Berhampur Escorts Service Girl ^ 9332606886, WhatsApp Anytime Berhampur
The Global Food Recall Dilemma
1.
The Global Food Recall Dilemma – by John G. Keogh published on Linkedin 17-Jul-14
The opinion I share here is based on 6 years of significant travel and countless hours in capacity
building workshops with the public and private sectors on all continents.
The Global Food Recall Dilemma.
In 2008, 23 people died in Canada from Listeriosis poisoning after eating contaminated deli meats.
Having experienced this massive and confusing food recall first hand, I was eager to get involved in
an initiative that was just starting in the USA. Let's take a look back.
In a 2008 study of US food manufacturers by AMR Research, it showed that it took an average of 18
days to "sense and act" on a food recall. Once launched, the recall took 42 days on average to
complete. After the 42 days, only 43% of products in the most serious health risk category were
traced. This was unacceptable to US industry leaders - something had to be done to improve food
traceability and the ability to recall more effectively.
Historically, there may be the assumption that once a nation’s food safety regulatory framework is in
place, a food recall should run smoothly, but that’s not always the case. While exceptions exist, food
safety standards and regulations are generally non-prescriptive in nature and typically define “what”
needs to occur in the event of a recall. But the dilemma facing industry was the “how to”. In simple
2.
terms - the public and private sectors speak in a different language.
Product Recall is a non-competitive process
The food recall process (how-to) should be considered as non-competitive and the need for industry
collaboration was urgently needed in 2008. This urgency was in motion well before the 23 deaths in
Canada came on the radar. According to the Centres for Disease Control and Prevention (US CDC),
there are 150,000 food safety related hospitalisations and 3,000 annual deaths in the USA.
To address the recall process itself (how-to), industry mobilised under the leadership of Grocery
Manufacturers Association (GMA) and Food Marketing Institute (FMI). They engaged with industry
standards body GS1 to find a standards-based global solution.

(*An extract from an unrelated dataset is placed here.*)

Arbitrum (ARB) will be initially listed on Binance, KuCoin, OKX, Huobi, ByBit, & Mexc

Together with GS1, they initiated the development of a global (GS1) recall standard and the
development of a national B2B portal to facilitate a more effective and automated recall notification
process.
Cloud-based national recall portal changed the rules of the game
The strategy to implement a cloud-based B2B recall portal with unprecedented low-cost for
subscribers was a game changer.
The portal facilitates and automates a GS1 standards-based recall process where a manufacturer
could share recall alerts to all downstream trading parties within seconds. The manufacturer can
verify who received and viewed the alert in real-time and receive confirmation of actions taken. The
annual cost to subscribe to the US recall portal, as an example is less than $ 2,000 for the largest
global manufacturers and this scaled down according to company revenues (note: this model varies
per country as industry leadership committees and GS1 set the subscription fees base on a non-
profit, cost recovery model).
Currently the US portal- Rapid Recall Exchange is used by an estimated 90% of all volume food
companies with many success stories from major global corporations - proving significant value can
be achieved. A very successful national B2B food recall portal is also in place in Canada, facilitated
and hosted by GS1 Canada. Under their visionary leadership, industry has gone a step further and
also included product recall for general merchandise, pharmaceuticals and medical devices.
3.
Down under they aligned and extended B2B alerts with B2G !

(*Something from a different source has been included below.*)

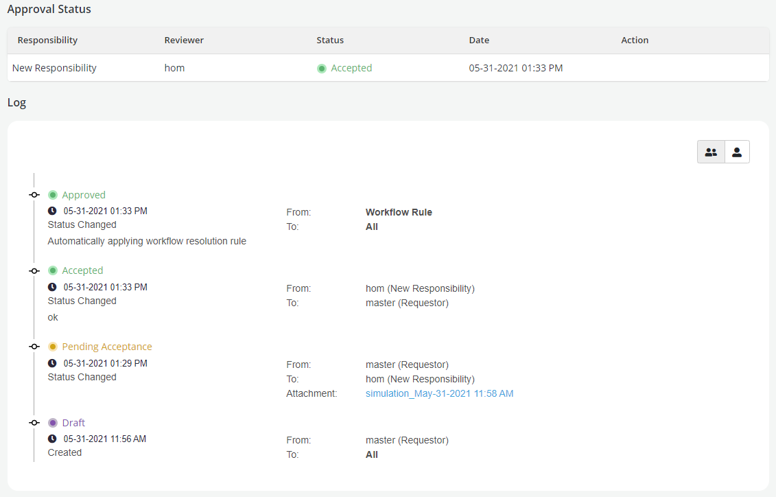 - User can view the entire approval log for all responsibilities by clicking on the Group icon or can see the log for his own bucket by clicking on the User icon

In Australia and New Zealand, the national recall portals have been extended to incorporate the
food regulatory body as a key stakeholder (and why not?). Enabling an extension of the core
business process for recall from B2B to include an integrated B2G strategy. The B2G approach is
indicative of the willingness of both the Australian (FSANZ) and New Zealand (MPI) governments to
develop strong public-private partnerships for improved shared outcomes. An excellent example of
how it can be done together with a common language across the public and private sectors.
GS1 South Africa has also deployed a national food recall portal in collaboration with their parent
organization, the Consumer Good Council of South Africa. The 5th country in the world to do so.
The Dilemma - 5 countries in 6 years !
Despite 6 years of global capacity building, many hundreds of hours in briefings across more than
30 countries, industry in many countries have passed on the opportunity to streamline and automate
a non-competitive process that can enable efficiencies, reduce risk and potentially save lives.
The barriers to implementing this standards-based capability are few but the willingness of industry
in many countries is lacking, even when their parent companies may have been a leader/driver of
the US or Canadian initiatives. What’s left now is more of the same, as a manufacturer with 10 retail
clients, you may have to follow 10 different time consuming and costly processes that could easily
have been automated.
The leadership of the countries mentioned here should be celebrated. But we need to ask the
question, what is holding the other countries back?